How An Undercover Cop Targeted A Loner With Autism - Aloha
http://www.businessinsider.com/the-entrapment-of-jesse-snodgrass-2014-2

======
013
Ruining kids lives because they wanted to help a peer find drugs seems pretty
stupid. I guess when drugs are illegal it's difficult to draw a line of what's
moral and what's not.

Most people think it's morally acceptable to arrest drug dealers.

Some people think it's morally acceptable to arrest drug users.

Now, if you think it's OK to take drugs, you may have conflicting feelings on
drug dealers, you'd probably want drug dealers to be fair and honest and get
their supply ethically (as ethical as possible). So you wouldn't have a
problem with regulated drug dealers and other people buying and using drugs.

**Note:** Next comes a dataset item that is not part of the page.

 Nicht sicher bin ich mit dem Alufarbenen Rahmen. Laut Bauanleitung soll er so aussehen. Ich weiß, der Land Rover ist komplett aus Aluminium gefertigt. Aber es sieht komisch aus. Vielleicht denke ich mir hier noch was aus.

If you're a drug user and another drug user asks if you know someone that
sells weed, you'd probably point them in the right direction. If you trusted
this person and they passed $10 to you to pick up $10 of weed from this person
you know. You'd probably agree, since you smoke weed, they smoke weed, you've
bought from this person before for personal use. So you're acting like a
middle man (Like many in this story). Then, upon given the weed, you are now
classed as a drug dealer. Even though this person could have gone to the
source themselves and cut you out. Although where is the line stop on who is a
middle man? If I'm making no profit, would I really be a drug dealer or just a
middle man? What about when the undercover let's a kid keep the change, is he
then a drug dealer, since he made a profit. Well technically they're all drug
dealers [sic], but where do you draw the line?

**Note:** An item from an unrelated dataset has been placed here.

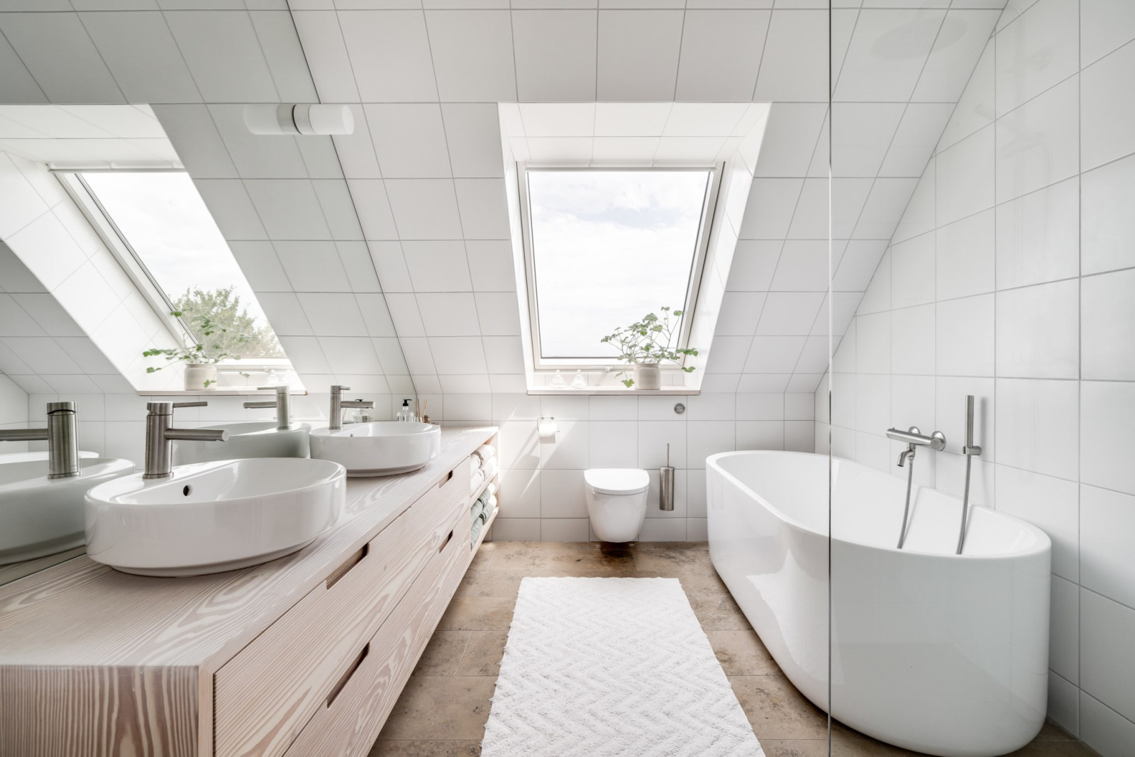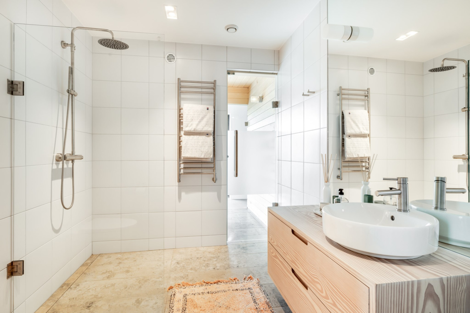 Smakfullt badrum i tidlös design. Platsbyggd inredning av samma höga kvalité som köket. Duschplats, wc och tvättställ. Underbar bastu i asp med obruten utsikt över fälten och Skälderviken. Utedusch utanför.

The kid in this article was arrested because he sold drugs to an undercover
cop. Well, technically he took $20, bought a small amount of weed, then gave
it to the undercover. Technically it's drug dealing. Most people seemed
outraged by this, rightfully so, as it seemed the cop pressured him to get him
drugs (kind of seems like entrapment?). Is this kid wasn't autistic would
people be so outraged? What about if it was 1oz of weed that he was the middle
man to? The problem with things like this is that there is a law that defines
the lines that you may, or may not cross. So until laws are reformed that
makes it not criminal to sell drugs, we won't get problems like this. But a
massive reform like that would have many repercussions. So why not just make
it not criminal to sell under $20 worth of weed. But does that make a
difference? Since it's still being sold but on a smaller scale.

So, what I'm trying to say is, all the laws surrounding prohibition of drugs
are stupid and when you have thousands of people involved in regulating the
laws, it doesn't work out. The police officers in this case are only
interested in the arrest numbers, so they can get more funding, so who's fault
is that? Kids getting expelled for 'drug dealing', who's fault is that? The
definition of 'drug dealer'? Who's fault is that? Illegal drugs? Who's fault
is that? Should drugs be legal?